GridSearchCV(cv=10, estimator=KNeighborsClassifier(),
             param_grid={'n_neighbors': [1, 2, 3, 4, 5, 6, 7, 8, 9, 10, 11, 12,
                                         13, 14, 15, 16, 17, 18, 19, 20, 21, 22,
                                         23, 24, 25, 26, 27, 28, 29, 30]},
             scoring='accuracy')

In [10]:
# Calculate the best optimal hyperparameters

grid.best_score_

0.9862141645804734

In [11]:
# Fit the linear regression model to the training data

lin_reg = LinearRegression()
lin_reg.fit(x_train, y_train)

# Make predictions using the linear model

y_pred = lin_reg.predict(x_test)

# Compute the root mean squared error

num.sqrt(metrics.mean_squared_error(y_test, y_pred))

0.49854329889107485

## Cap Color

In [12]:
# Split the data into training and test sets

x_train, x_test, y_train, y_test = train_test_split(x_cap_color, y, random_state=1)

In [13]:
# Cross-validation with KNN and GridSearchCV

knn = KNeighborsClassifier()
k_range = list(range(1, 31))
grid_params= dict(n_neighbors=k_range)

# Define parameter range

grid = GridSearchCV(knn, grid_params, cv=10, scoring='accuracy')

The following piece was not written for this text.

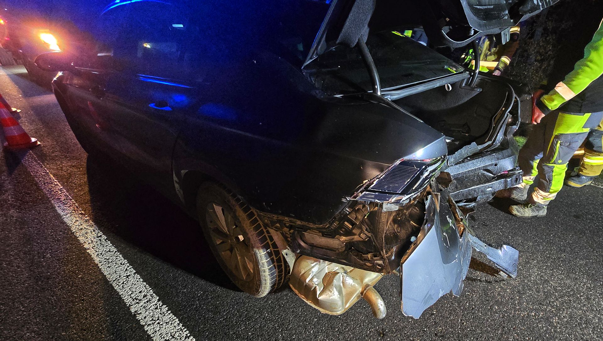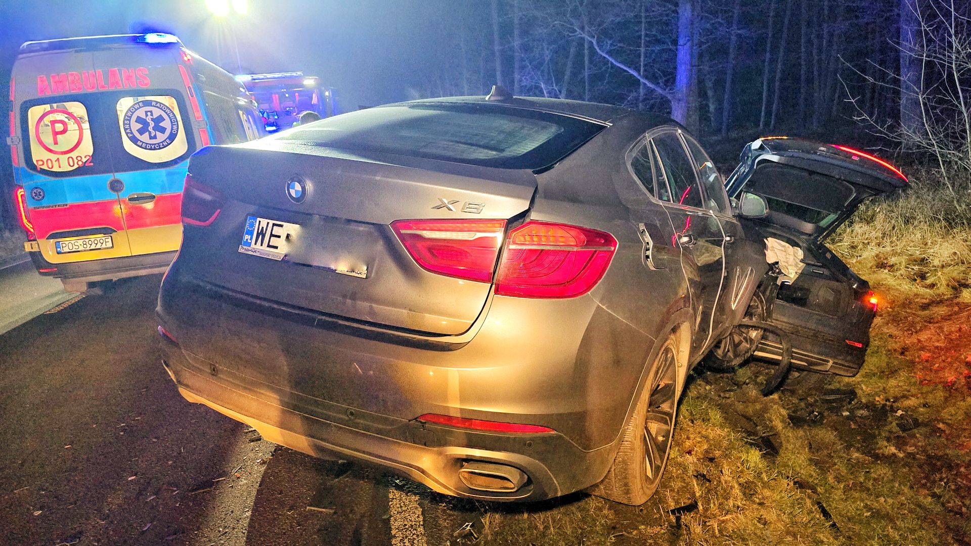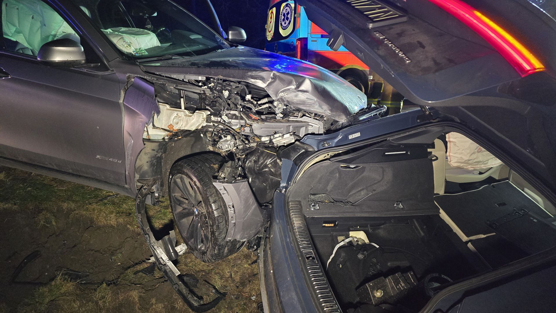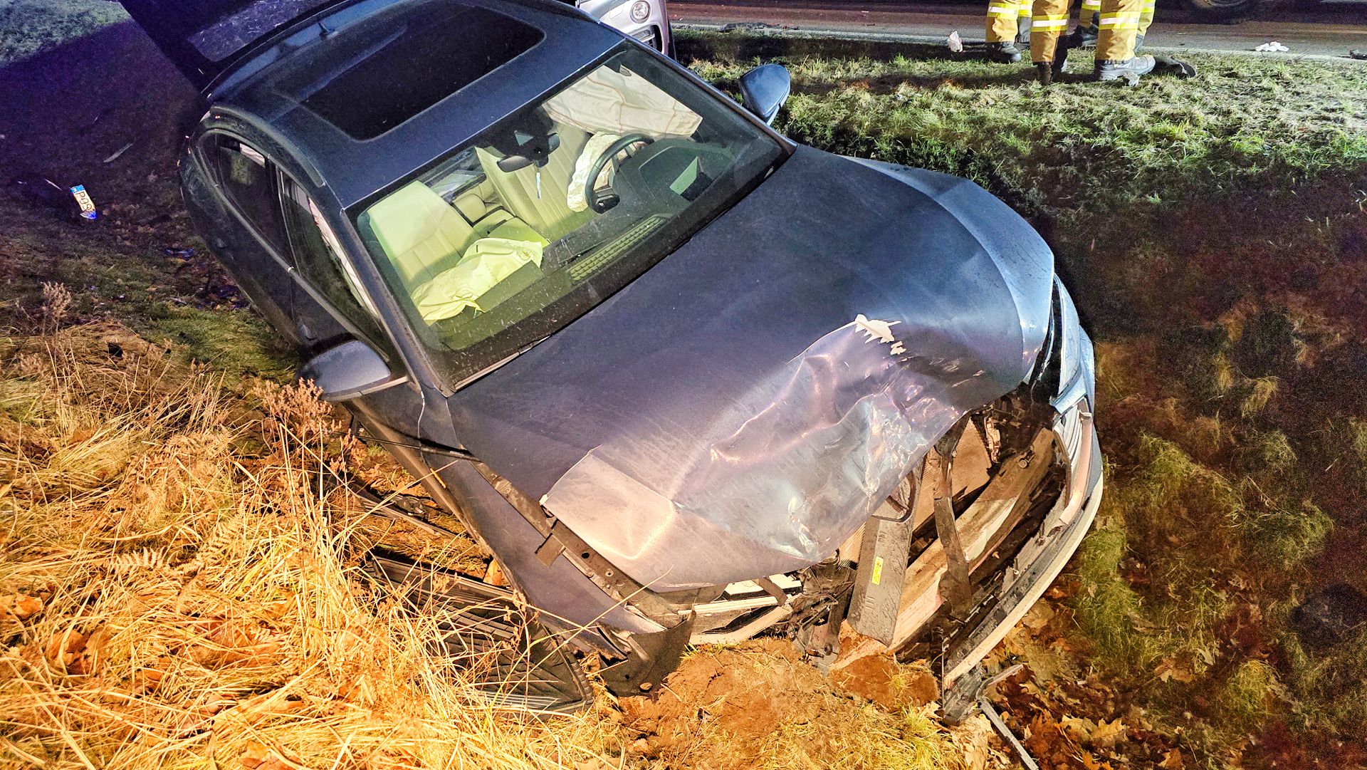 Młody kierowca Volkswagena Passata awaryjnie zahamował z powodu przebiegających saren. Za nim zatrzymał się elektrycznym Audi, ale niestety w tył Audi uderzyło BMW. Passat ma mocno uszkodzony tył, Audi przód i tył a BMW przód.
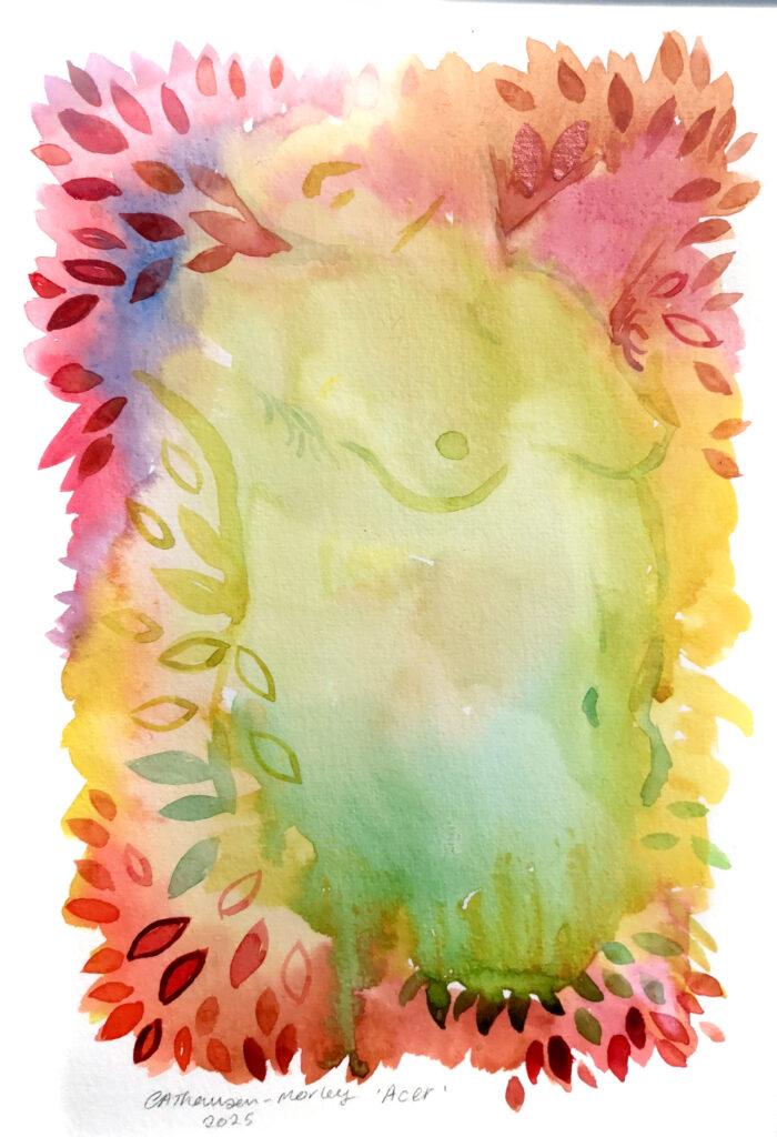 Media-led pieces created in watercolour on paper. Each piece started with the premise of an abstract, foliage-like background, using Pareidolia (the tendancy to make meaningful images from abstract forms) to see figures in the abstract and then delineate them.

# Fit the model for grid search

grid.fit(x_train, y_train)

GridSearchCV(cv=10, estimator=KNeighborsClassifier(),
             param_grid={'n_neighbors': [1, 2, 3, 4, 5, 6, 7, 8, 9, 10, 11, 12,
                                         13, 14, 15, 16, 17, 18, 19, 20, 21, 22,
                                         23, 24, 25, 26, 27, 28, 29, 30]},
             scoring='accuracy')

In [14]:
# Calculate the best optimal hyperparameters

grid.best_score_

0.5568629034428921

In [15]:
# Fit the linear regression model to the training data

lin_reg = LinearRegression()
lin_reg.fit(x_train, y_train)

# Make predictions using the linear model

y_pred = lin_reg.predict(x_test)

# Compute the root mean squared error

num.sqrt(metrics.mean_squared_error(y_test, y_pred))

0.4994488239833032

## Conclusion

To determine whether odor or cap color would more accurately predict whether a mushroom was poisonous, the K-Nearest Neighbors (KNN) model was run on the data and root mean square errors (RMSE) were calculated using linear regression.

The KNN had an accuracy score of .98 for odor and .55 for cap color, which shows that odor would more accurately predict whether a mushroom was poisonous. 

RMSE a measure of the amount of error in a model. Therefore the model with the lower RMSE is the better predictor of whether a mushroom is poisonous. In this case, odor had an RMSE of .4985 and cap color has an error of .4994, which means that odor is the more accurate predictor.